GIVEN RECORDS:
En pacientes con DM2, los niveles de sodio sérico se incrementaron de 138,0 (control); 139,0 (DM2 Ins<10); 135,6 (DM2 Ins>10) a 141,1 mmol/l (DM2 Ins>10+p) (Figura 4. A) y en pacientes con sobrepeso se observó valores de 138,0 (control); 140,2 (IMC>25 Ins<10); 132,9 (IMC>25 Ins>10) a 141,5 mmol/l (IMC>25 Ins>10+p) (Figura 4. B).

==

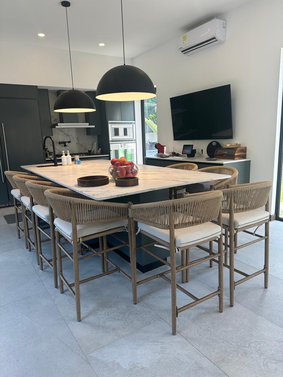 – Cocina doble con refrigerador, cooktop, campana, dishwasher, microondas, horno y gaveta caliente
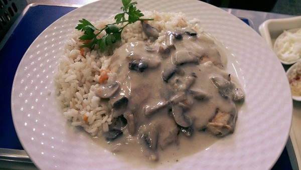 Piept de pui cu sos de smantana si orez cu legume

ASSIGNED TASK:
From the entries above, copy exactly the lines starting at the one with "y gaveta caliente" and stopping at the one with "Piept de pui", keeping both ends. Drop the pictures.

TASK RESPONSE:
 – Cocina doble con refrigerador, cooktop, campana, dishwasher, microondas, horno y gaveta caliente
 Piept de pui cu sos de smantana si orez cu legume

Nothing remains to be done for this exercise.